11. Kinship de Iotunn, el segundo disco de esta grandiosa banda danesa de death melódico progresivo, ocupa el puesto 12 del año en Sputnikmusic. Voces melódicas extraordinarias y growls poderosos acompañan a un festival grandioso de riffs progresivos que pueden ser rápidos y corrosivos, bellos y espaciales o furiosos y mid-tempo, son siempre material de delirantes complejidades melódicas, con repiques elegantes, solos sublimes y capas de arreglos multi-instrumentales que son como una inyección de adrenalina en el alma que luego es acariciada por las líneas vocales operáticas e inspiradas en el doom / rock alt.

Es fascinante escuchar la aproximación majestuosa y agigantada (como el nombre de la banda en nórdico antiguo) de hacer melodeath progresivo con estructuras orquestales y de power metal, en que parece que se escriben himnos que serán tocados por cientos de músicos, lo que termina siendo la narración épica de un viaje, una batalla o un aventura. 

Y esto se logra gracias a la brillante voz de Jón Aldará, cantante nacido en las Islas Faroe y también cantante principal de Barren Earth y Hamferd e invitado en el disco 2024 de Beyond the Aeons de Octoploid. 

Tienen esa belleza oscura del death progresivo dramático, de sonido compacto, de In Mourning, In Vain e Insomnium, pero que también aprendió de Borknagar y Arcturus para algunas estructuras en que todos los instrumentos se unen a la melodía para trascender la brutalidad extrema, que crearon los suecos a principios de los 90. Ahora pienso en Swallow The Sun también.

El uso de distorsiones alternativas en las guitarras, con mucha influencia del folk metal, el metal sinfónico y el death técnico, así como del rock progresivo, devuelve bellas óperas extremas a lo Enslaved, Borknagar o Ne Obliviscaris. Sus riffs circulares, con distorsiones entrelazadas y presentados como directores de canciones largas y épicas, llenas de arreglos progresivos, con solos de guitarras, teclados omnipresente y una batería poderosa son el marco perfecto para la voz maravillosa de Jón, que vuelve a los shrieks en los dos últimos temas, imprimiéndole diversidad a los temas que también usan arreglos acústicos.

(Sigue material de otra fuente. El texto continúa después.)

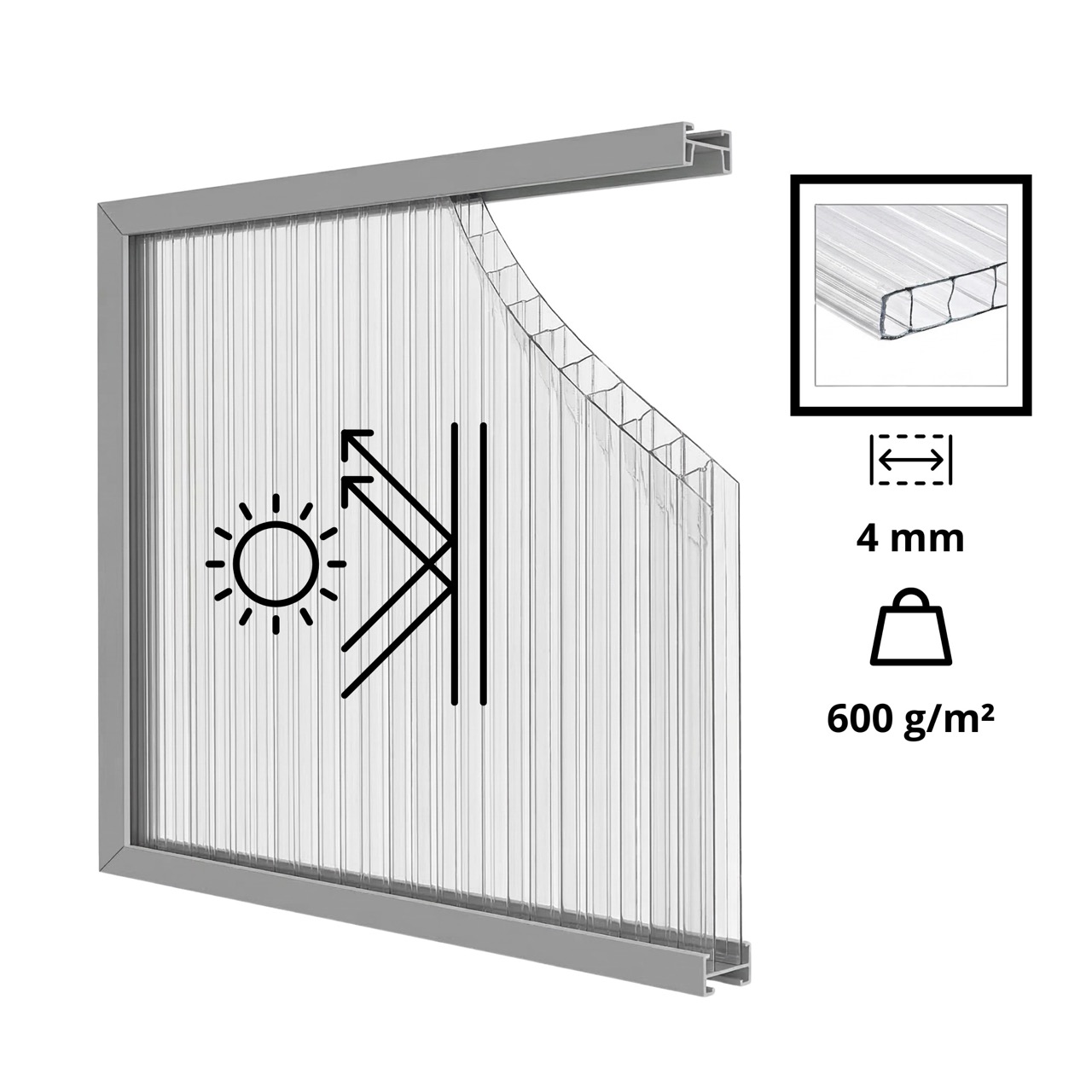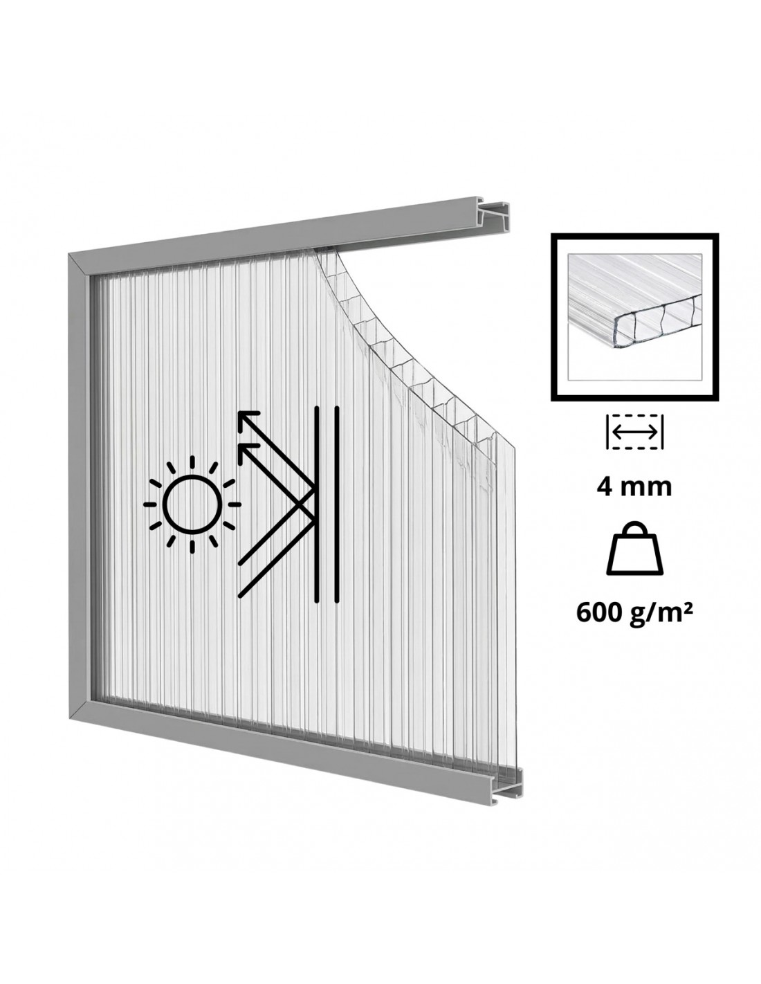 - Gramatura poliwęglanu: 600 g/m²
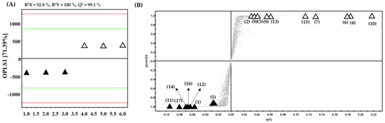 Multivariate statistical analysis of LC-MS datasets for 40% methanol SPE extracts of A. aspera (unfilled triangles) and Z. serrata (filled triangles): (A) OPLS-DA score plot, with VIP >1.0 and p-value <0.05 marked; (B) loading S-plot based on OPLS-DA. Numbers labeling each sample′s discriminant metabolites on the plot correspond to entries in Table 1.
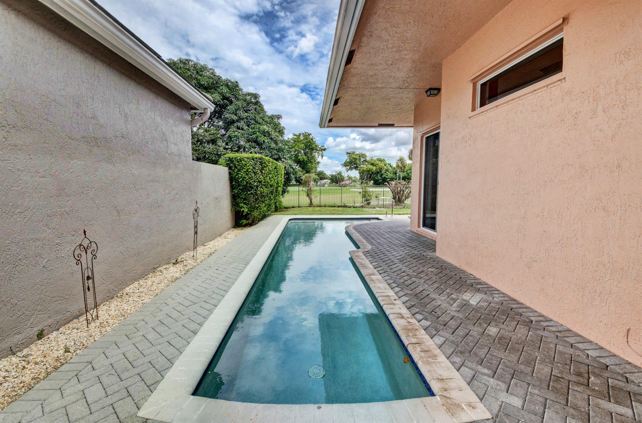 Sparkling clean in central Boca don't miss this move-in-ready, 1-story, POOL home with volume ceilings and neutral tile throughout. 3 bedrooms, 2.5 bathrooms, and a 2-car, side-load garage with paver driveway. NEW 2025 Roof! The fenced yard has fresh sod, tranquil golf views, and a paver pool deck. The kitchen features granite counters, 42'' cabinets & stainless-steel appliances (brand new refrigerator). Convenient for commuters: 5-minutes to the turnpike, 15 minutes to I95. Boca Raton's best shopping, dining, entertainment, beaches, and parks are all a short drive from this fabulous home. A-rated schools and premium medical facilities are also nearby. Oxford Estates is a gated community featuring a lakeside clubhouse, fitness center & community pool.
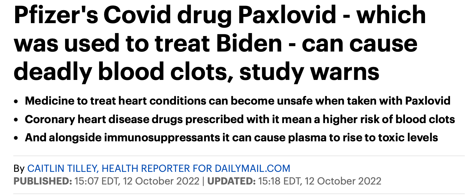 Look, I know it all looks very sus and shady, but I think it’s great. After all, Paxlovid has been PROVEN to work; it works super well for people infected with covid. I mean, hasn’t it? Okay, technically, there aren’t any independent studies showing efficacy or anything, and it’s true Pfizer has never run the clinical trials needed for Paxlovid’s non-emergency approval, and granted there’re tons of anecdotal reports that folks got covid TWICE after taking it, and of course new studies show it can cause fatal blood clots, but APART FROM THAT it works terrific!
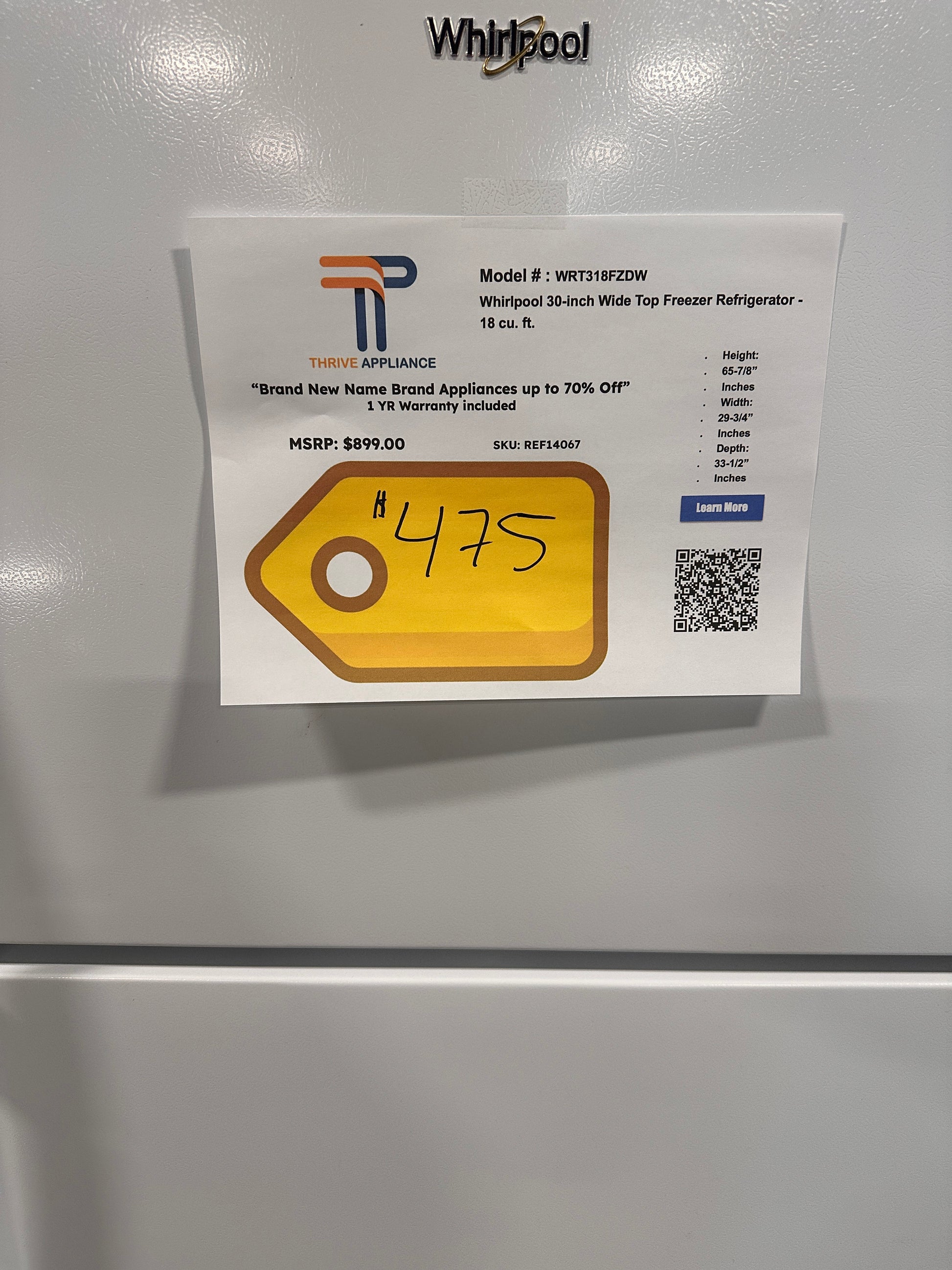 Whirlpool 30-inch Wide Top Freezer Refrigerator MODEL: WRT318FZDW REF14067
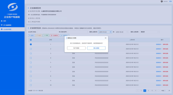 (4)勾選多名需要刪除的員工。點(diǎn)擊【批量刪除】或點(diǎn)擊單 個員工【刪除信息】,頁面彈出提示框。
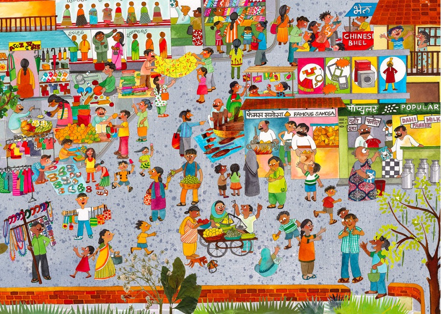 Sometimes, pages densely populated with illustrations, for instance, intended to show a diverse city in Deepa Balsavar’s Nani’s walk to the park, can be navigated with a clearly identifiable character such as the grandmother in a distinctive Ajrakh sari in each page guiding movement across the page (Figure 03). These devices help in drawing the child’s attention across the page and to the next, carrying the story forward.

Compitiendo a disco del año, con un 4,8 de 5. En Spotify. Es el mejor disco de 2024 de Metal Storm.

12. Night of the Horrid de Revolting: ¿puede una banda de death metal ser reconfortante? Me parece que sí, porque este disco me hace pensar en épocas más fáciles, con menos discos y demasiado futuro. Esta banda me suena a Hypocrisy con algo de hardcore, es dinámica y animada, siendo extrema y malvada. Otra de las bandas de Rogga Johansson, quien en este caso hace las voces, de forma muy parecidas a las de Masse Broberg en Penetralia de Hypocrisy. Es divertido, aunque básico, 3,7 de 5. En Spotify.